Move all terms to one side to facilitate factoring:\[ x^4 - 2x^2 > 0 \]Now, factor the left side:\[ x^2(x^2 - 2) > 0 \]

Set each factor equal to zero to find critical points:1. \( x^2 = 0 \) gives \( x = 0 \)2. \( x^2 - 2 = 0 \) gives \( x = \pm \sqrt{2} \)The critical points are \( x = 0 \), \( x = \sqrt{2} \), and \( x = -\sqrt{2} \).

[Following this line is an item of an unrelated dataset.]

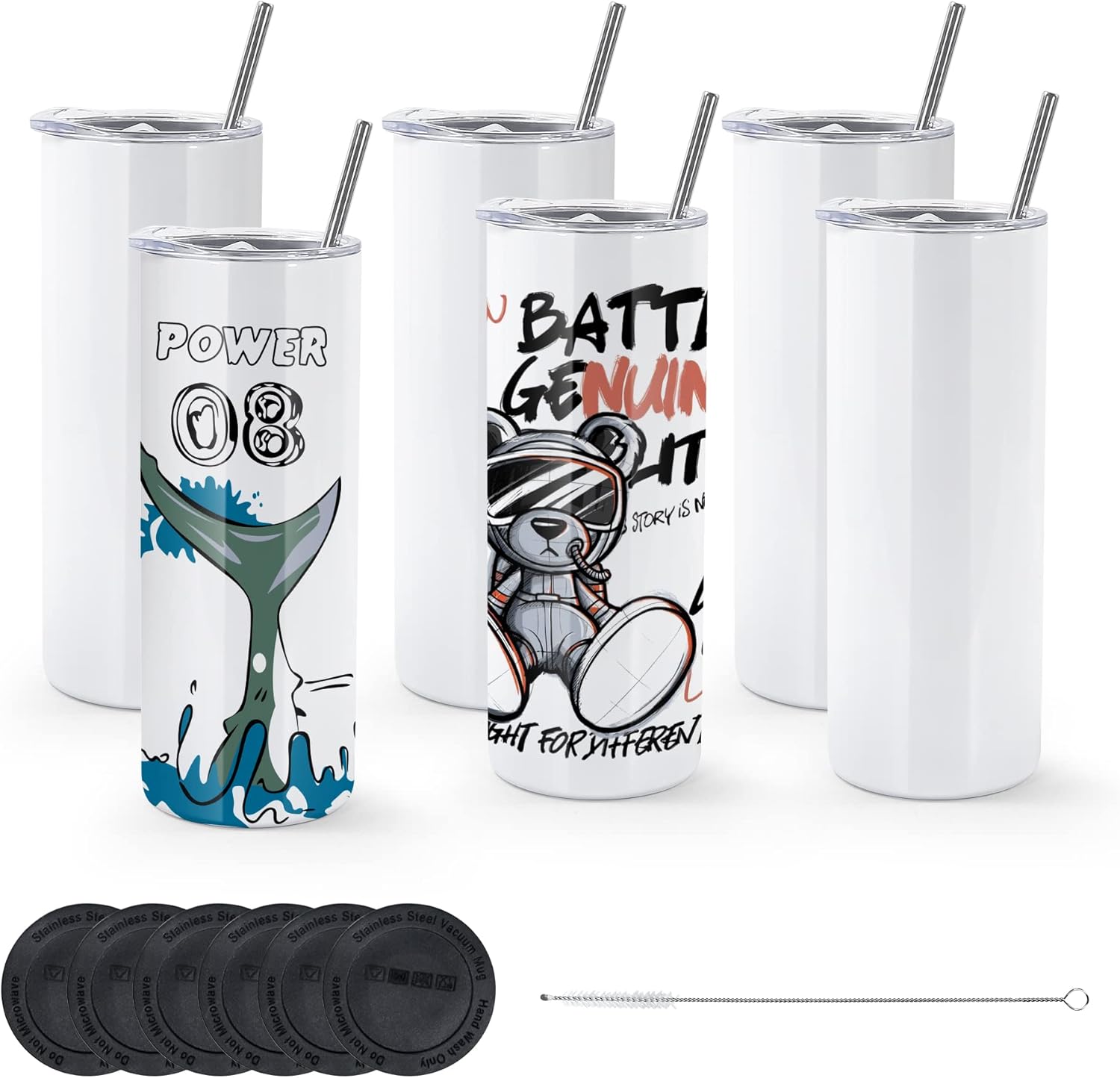 - DESIGN YOURSELF:Sublimation tumblers is painted by a layer of quality sublimation coating,the sublimation blank skinny tumblers allow you to design exquisite cups in your own style.It's ready for sublimation,with quality coating,meanwhile the printed color comes out bright not foggy,which is different from the other ordinary white tumblers.If you want to DIY your own tumbler,this is a great choice.

Test intervals determined by critical points: - Interval \(( -\infty, -\sqrt{2})\)- Interval \(( -\sqrt{2}, 0)\)- Interval \(( 0, \sqrt{2})\)- Interval \(( \sqrt{2}, \infty)\)Choose a test point from each interval and substitute into the inequality \( x^2(x^2 - 2) > 0 \):- For \( x = -2 \) (Interval: \( -\infty, -\sqrt{2} \)), \((-2)^2(((-2)^2 - 2) = 4 > 0\)- For \( x = -1 \) (Interval: \( -\sqrt{2}, 0 \)), \((-1)^2(((-1)^2 - 2) = -1 < 0\)- For \( x = 1 \) (Interval: \( 0, \sqrt{2} \)), \((1)^2((1)^2 - 2) = -1 < 0\)- For \( x = 2 \) (Interval: \( \sqrt{2}, \infty \)), \((2)^2((2)^2 - 2) = 4 > 0\)The inequality is satisfied in the intervals \(( -\infty, -\sqrt{2}) \cup (\sqrt{2}, \infty)\).

The solution to the inequality \( 7x^4 > 14x^2 \) is:\[(-\infty, -\sqrt{2}) \cup (\sqrt{2}, \infty)\]where \(x\) does not include \(0\) or \(\pm\sqrt{2}\) since the inequality is strict (> not \geq).